Ethiopia (Abyssinia) has characteristics that are unique in Africa. Primarily Christian (Coptic) since the 4th century, although nearly surrounded by Moslem peoples (Moslems now account for a third of its own 22 million people); brought under European rule only when Italy conquered it in 1936 (and liberated by British forces 5 years later); preserving in 1961 an almost absolute monarchy; it is as proud of its distinctiveness as of its long history.
It has kept aloof thanks to the protection of its exceptionally steep mountains. The dominant Amhara in the mountain area north of Addis Ababa, and the related Tigre farther north, are mainly of Cushitic stock, but speak Semitic languages as a result of early influences from southern Arabia. When Islam came to dominate both sides of the Red Sea and the coastal plains of the Horn, the Christian Amhara held out against it; however, during the religious wars Galla tribes penetrated into the central mountains, and many of them are now Moslem. In 1875 Ethiopia repulsed an Egyptian invasion, in the 1890's an Italian one; but Italy took possession of Eritreaandmost of Somalia.

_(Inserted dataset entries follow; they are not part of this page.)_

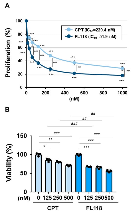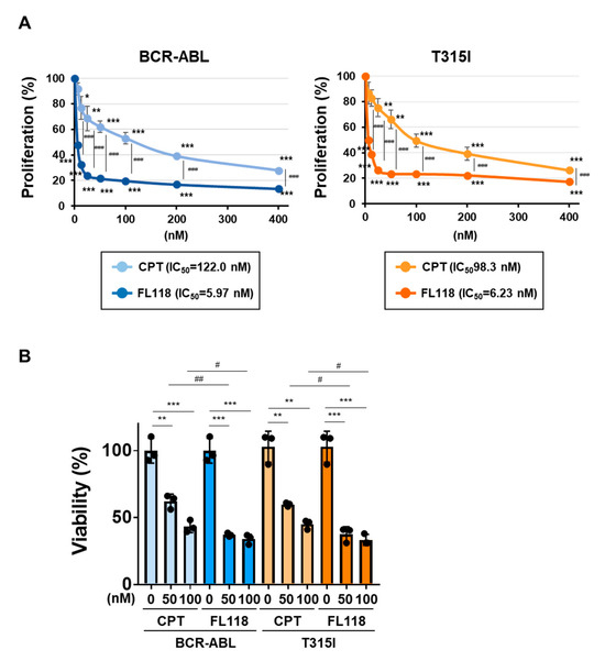 FL118 reduced cell proliferation and induced cell death more strongly than CPT in K562 cells. (A) K562 cells (2 × 104 cells/100 μL) were treated with CPT or FL118 at various concentrations for 48 h. Cell proliferation was assessed by WST assay. *** and ### indicate p < 0.001. (B) Transduced K562 cells (4 × 106 cells/4 mL) were treated with CPT (125, 250, and 500 nM) or FL118 (125, 250, and 500 nM) for 48 h. Cell viability was evaluated by the Trypan blue staining method. *, **, and *** indicate p < 0.05, p < 0.01, and p < 0.001, respectively. ## and ### indicate p < 0.01 and p < 0.001, respectively.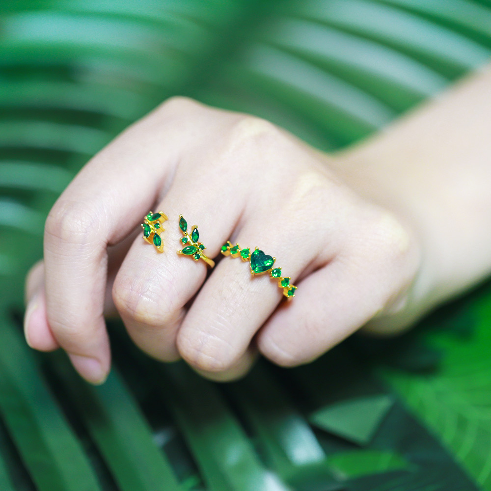 Clearance high-end emerald malachite green zircon ring female niche green diamond cross love ring rip51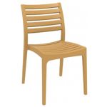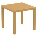 Cafe Latte Artemis resin dining set with 4 arm chairs and one square dining table. Super sturdy commercial strength. Chairs are made from commercial grade resin with gas injection molded legs. Both chairs and table offer 100% polypropylene construction. No metal parts. Chairs are heavier than most resin chairs of its type. Dining set is perfect for heavy use areas. Set items are 100% resistant to outdoors, sun, snow, salt. Resin is virtually maintenance free.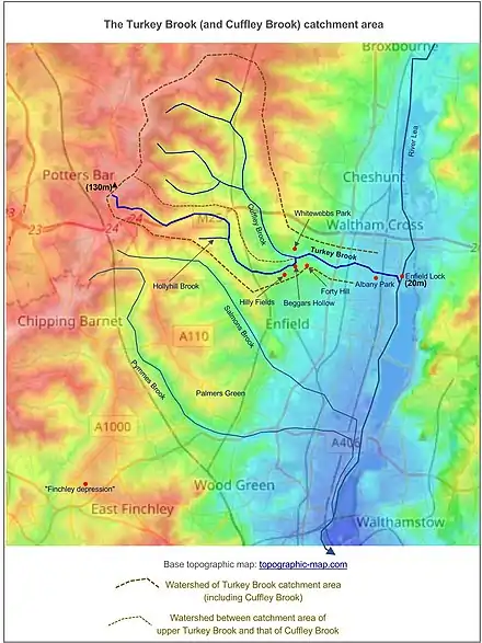 - Strictly speaking, the Turkey Brook catchment area includes that of its tributary, Cuffley Brook. The two streams merge near Forty Hill. But the catchment area of Cuffley Brook itself is quite large, and is dealt with separately on the Cuffley Brook page.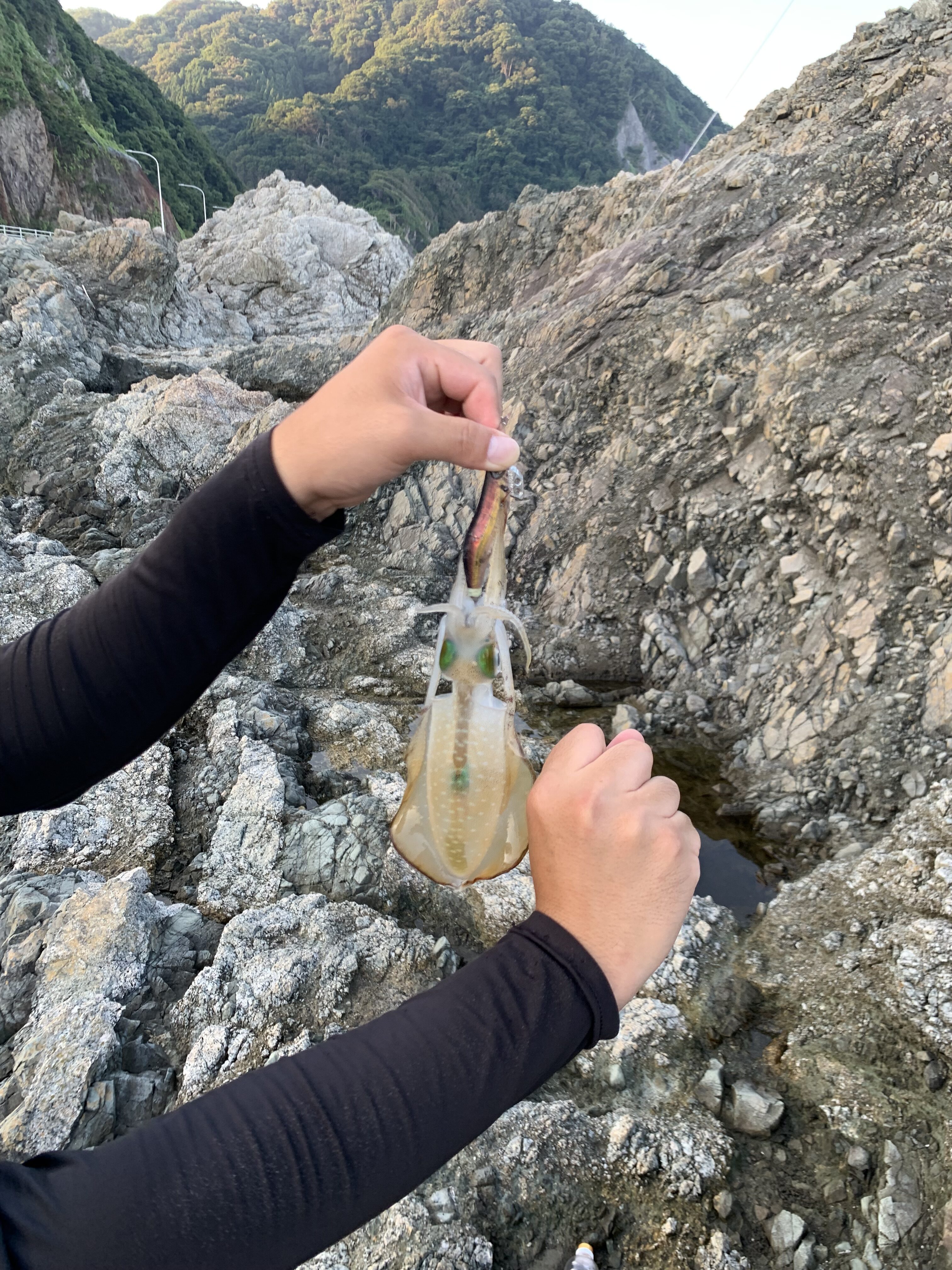 堤防では友人と2人で10杯ほど釣れ、地磯でのエギングです。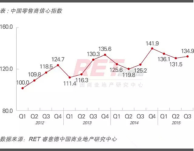 2015年第三季度,中國零售商信心指數(RCI)134.9,上升3.4點,環比上漲2.6%,同比上漲7.8%。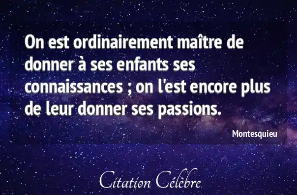On est ordinairement maître de donner à ses enfants ses connaissances ; on l'est encore plus de leur donner ses passions.

The Emperor Haile Selassie, who, as Ras Tafari, became regent in 1916 and ascended the throne in 1930, returned to rule again after the Italian occupation, and despite some discontent with his strong personal régime, he successfully crushed a rising in 1960, although it seemed that he might have to accelerate his plans for reform in some directions. Under his rule the independence of regional chieftains has been sharply reduced.

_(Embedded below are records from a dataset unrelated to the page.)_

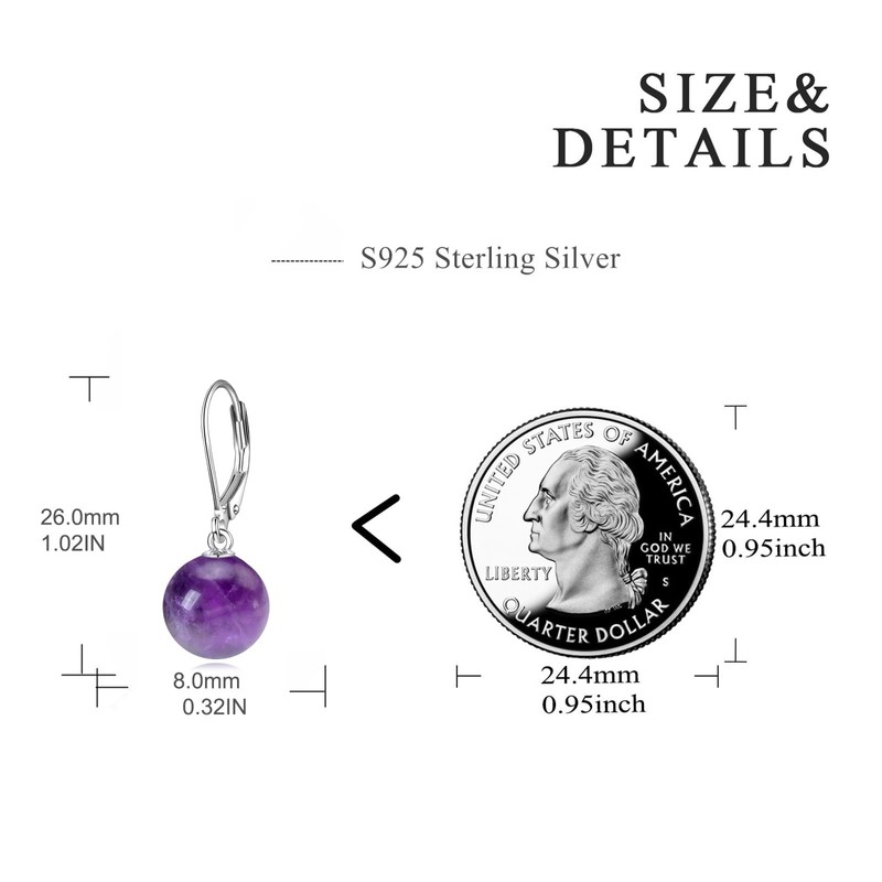 925 Sterling Silver Amethyst Leverback Earrings Dangle Drop Jewelry Gifts for Women and Girls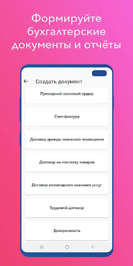 form contracts, powers of attorney, invoices, acts of work performed, payment order, receipt order;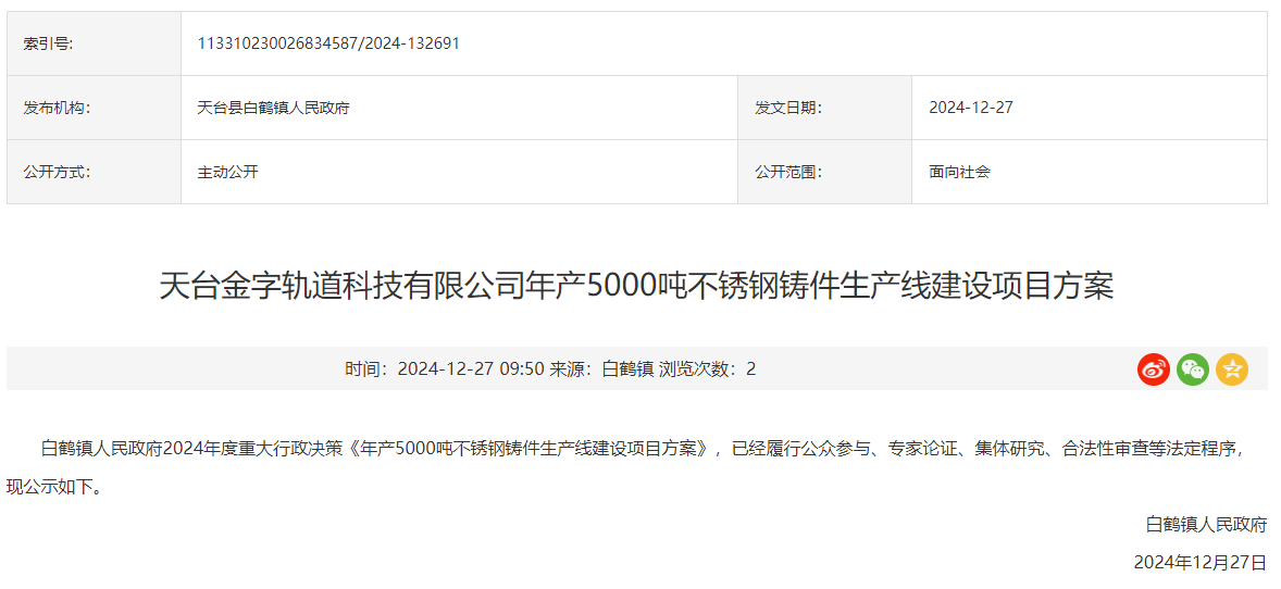 2024年12月27日,白鶴鎮(zhèn)人民政府就天臺金字軌道科技有限公司年產(chǎn)5000噸不銹鋼鑄件生產(chǎn)線建設項目方案對外進行公示。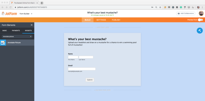 After building your form, head over to the Widgets section (located on the left-hand side of the Form Builder) and search for Annotate Picture.
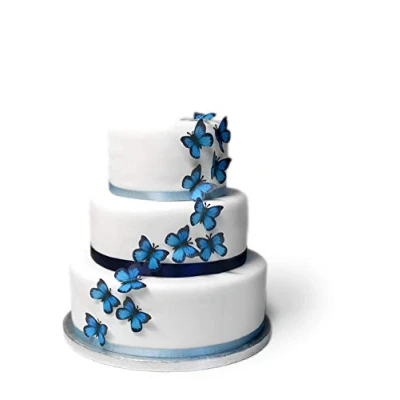 20 Pre Cut Black and Blue Butterflies Edible Wafer Paper Cake Cupcake Toppers You will receive a packet of 20 pre-cut butterfly toppers as shown in picture. Printed on quality wafer paper with edible inks. Shelf life of 9-12 months if kept dry Ready to place on top of your cake/cupcakes Fully Edible - Wafer Paper ingredients - Water, Sunflower Oil and Potato Starch

Only 9 per cent. of the land is arable, and only 30 per cent. even fit for pasture. Coffee, an ancient product of the area, now accounts for half the exports.
In 1950 the United Nations Assembly approved the federation of Eritrea with Ethiopia. Of the million Eritreans, the western half are mainly Moslems, the eastern half Christians; they were divided about the federation too, but accepted it without resistance. The union gave Ethiopia a sea coast and two new ports, Massawa and Assab; but its chief outlet to the sea remains Djibuti, in French Somaliland. In 1960 the United Nations Economic Commission for Africa (F) set up its office in Addis Ababa, which has become a less isolated place than its situation might suggest, with a network of air services.
Today, Ethiopia's main external problem is its relations with the Somalis (12).